You are solely responsible for the safekeeping and security of the digital files received. We will not be liable for any loss, damage, or unauthorized access to the files once they have been deemed delivered to you.

The client understands and acknowledges that unless hard copies of the documents are specifically ordered, all documents will be delivered electronically via email. The digital files will be signed using Qualified Electronic Signature (QES) (compliant with the Regulation (EU) N°910/2014) to certify authenticity.

5. PAYMENT AND FEES

5.1 Fees must be paid either by payment link (Revolut or similar provider) or via bank transfer, following successful Onboarding process (please, refer to clause 4.1).

5.2 All prices include the cost of notarial certification, cost of translation (if included if the Service), cost of apostille (if included in the Service).
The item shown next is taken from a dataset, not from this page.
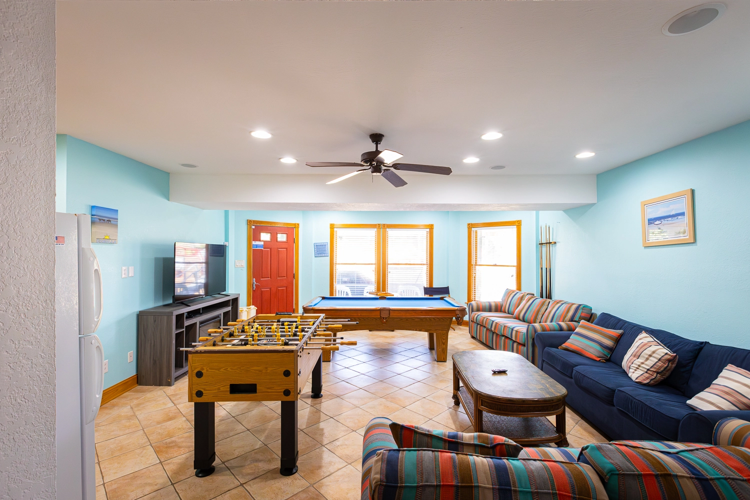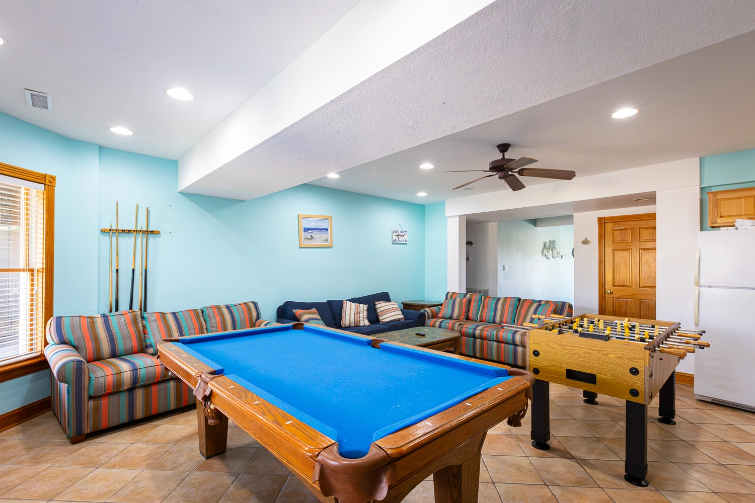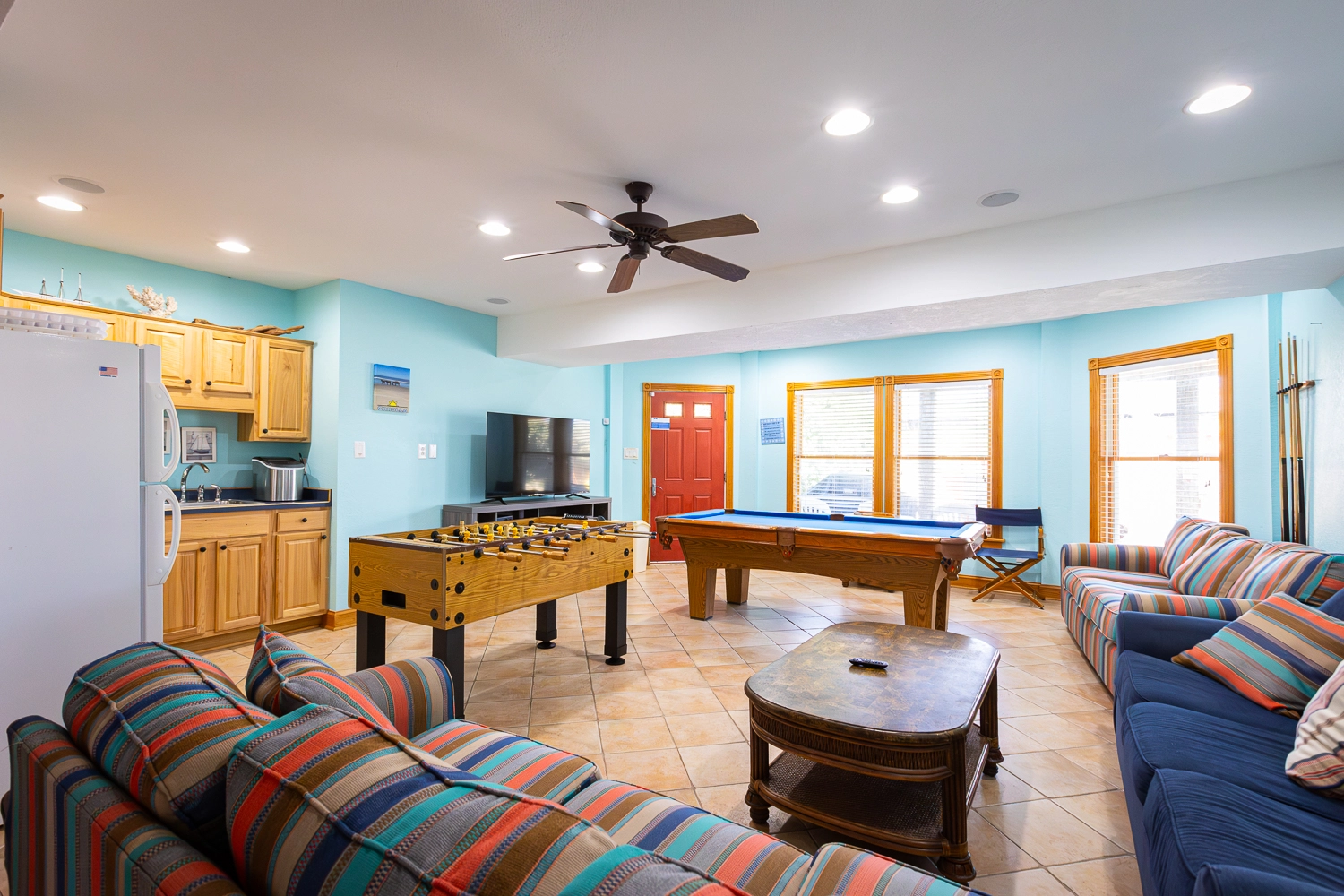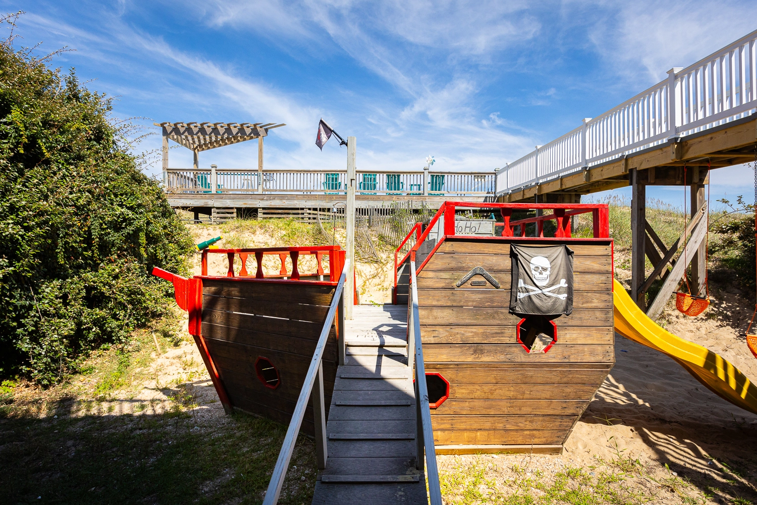 Rec room (DSS) with pool table, wet bar and refrigerator; laundry; pirate ship and play area; patio with gated private pool and hot tub; outdoor shower; fish-cleaning station; gas grill.

Unless specified in the quote, the price does not include: (i) the cost for sourcing corporate certificates (extracts from companies register) and other documents; (ii) additional costs of any delay due to the client including without limitation any rescheduling of on-line meetings with a notary; (iii) making changes to already translated documents unless such changes are reasonable; (iv) making copies (incl. electronic copies) of the documents already delivered; (v) sending the documents to any email address other than your contact address specified in the Order form; (vi) fulfilling any work other than naturally related to the provision of the Services. You will need to cover such costs before we send to you finalized documents.  

5.3 If the Service cannot be performed due to the client's breachincluding without limitation a failure to provide information or documents within 3 (three) business days of request, a refund will be issued less the costs of any completed work. 

5.4 If the refund is issued less the costs of any completed work, the costs will include the external costs (notarization, apostille, translation; either actually paid or owed to be paid) and the cost of our work at the rate of 200 Euro per hour limited by the amount actually paid by the client. A full refund will be issued to you on our initiative or after your request a) in the circumstances described in clause 4.5.; b) in all other circumstances where we decided to make a full refund in our discretion. Refunds are performed using the payment method used to make the original purchase unless otherwise is permitted by applicable law. Refunds take different amounts of time depending on how you paid. Usually, a refund takes 2-10 days but may take up to 45 days for certain payment methods. If you need a refund for a purchase, please send us a refund request.

5.5 Together with the quote you will be issued an invoice. VAT will not be invoiced due to Bulgarian regulations which require VAT registration and issuance of VAT invoices certain conditions has been met. Should the VAT be applicable in the future, you will be notified in the quote. All approximate prices at kyc.practice.legal are given excluding VAT.

5.6 All our invoices are due within 5 (five) business days of their issue. The Services must be paid 100% in advance unless otherwise specified in the quote. By making payment you accept the quote, these T&Cs and the contract is made between you and us. If any invoice issued to you is not paid when due then we have the right to cancel it without further notice and deactivate the payment link. If any additional costs are still due as explained in the last sentence in clause 5.2 then we will issue additional invoice and send to you a payment link.

5.7 Until all our invoices are paid in full, we have the right to retain the documentation that you ordered as a part of the Services.

5.8 Please note that we will suspend all Services from clients from whom we have received any chargebacks. All chargebacks, made without a preliminary request for a refund with us, may be reported as a fraud to authorities under applicable law.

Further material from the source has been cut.